Health systems and healthcare providers are developing strategies and techniques to respond to the religious and spiritual needs of patients and families for a number of reasons. One reason is that, in addition to TJC, state and federal guidelines encourage institutional responsiveness to population diversity. These strategies are essential to meeting the federal government’s Healthy People goal of eliminating ethnic and racial health disparities.

Culturally Competent Medical Care

Patient’s beliefs, behaviors, and values are shaped by factors such as ethnicity, gender, language, mental ability, nationality, occupation, race, religion, sexual orientation, and socioeconomic status. Cultural competence is the provider and systems able to understand and integrate cultural intelligence into the delivery of healthcare. The goal of providing culturally competent health care services is to provide consistent quality of care to every patient, regardless of their cultural, ethnic, racial, or religious background.

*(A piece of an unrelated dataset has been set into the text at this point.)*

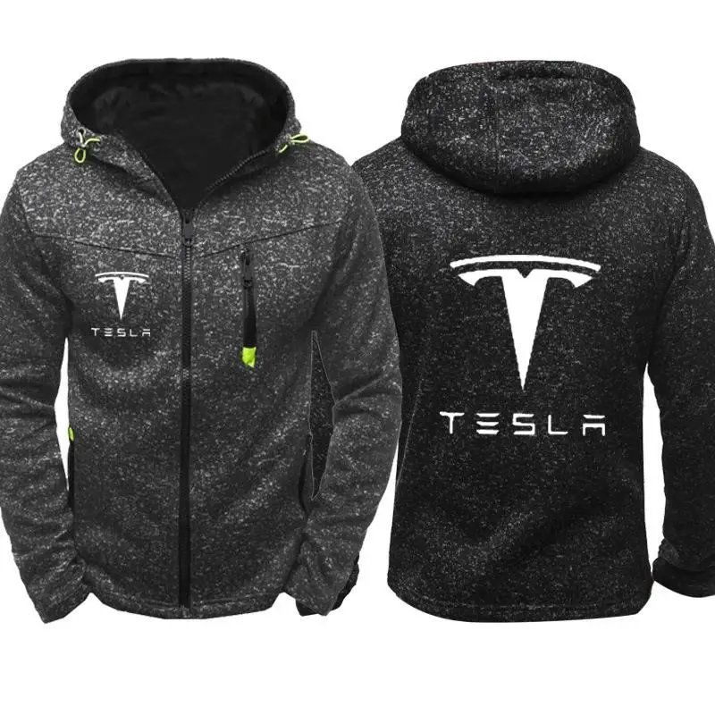 Толстовка мужская с капюшоном, повседневная кофта на молнии, с длинным рукавом, с принтом логотипа автомобиля Тесла, в стиле хип-хоп, Харадзюку

Strategies for improving cultural competence in individuals and systems include:

  • Encouraging family to participate in healthcare decision making.
  • Incorporating culture-specific values into health promotion
  • Providing cultural awareness training
  • Providing an environment that allows traditional healers
  • Providing interpreter services
  • Recruiting minority staff

When individuals and systems are able to provide a positive environment of cultural competence that meets the religious and spiritual needs of those who are cared for, the outcome for patients improves, and the healthcare system as a whole becomes a more positive environment.